Blaney had a message for workers in the city: “If you are a worker in Saint John and not in a union, if you are in the ‘gig economy,’ I can understand your frustration: no security, no benefits, long hours or no hours. But the system you’re trapped in wasn’t created by unions, it was created by the same entities that created the mess Saint John has been in for the last 60+ years. Unions are not the problem with Saint John, they can however play a key role in finding a just and sustainable solution to our many problems.”
CUPE’s Brien Watson is disappointed at the turn of events in both the Chaleur Region and Saint John. Regarding the CRSC’s bargaining demand for doctor’s notes, he said “who now would be asking to get a doctor’s note to be sick, when the system is being overloaded?” He believes the CRSC management is being “vindictive.”

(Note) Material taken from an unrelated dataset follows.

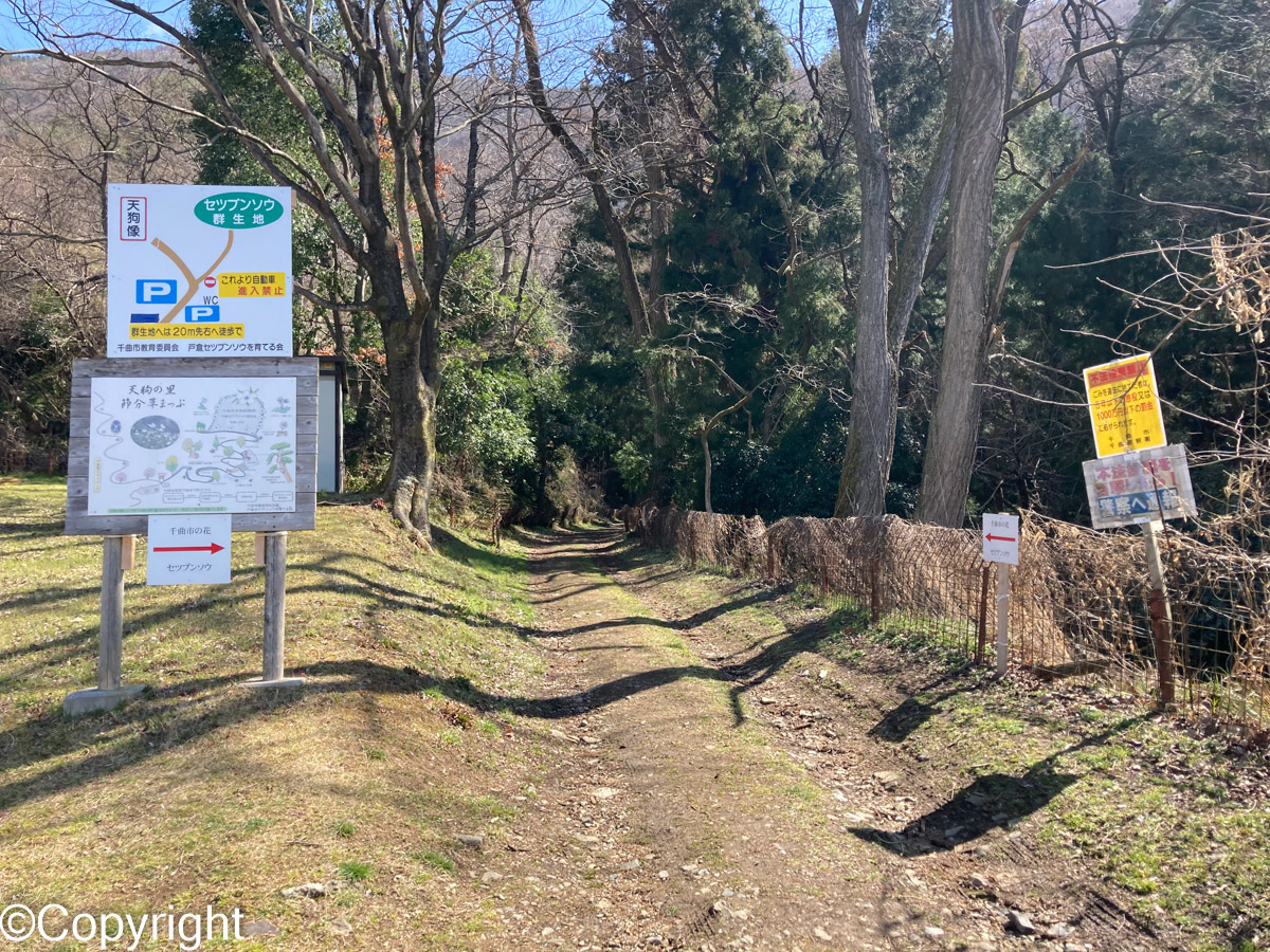 戸倉駅裏手にあるキティパーク内にあり、駐車場から10分ほど歩くと到着。群生地も林道もボランティアによって綺麗に整備されています。

As for the Saint John situation, Watson is very concerned at mayor Darling’s suggestion that all the municipal workers should be kept to zero wage increases for four years, because municipal sector wages “are so far behind” the cost of living increases.
Brien Watson stressed that during the COVID-19 crisis “everyone in the public sector is stepping up to the plate to serve the public to the best of our capacity so we all get through this together.” What happens after the crisis is over will be the start of a different story.
Susan O’Donnell is a member of the NB Media Co-op editorial board.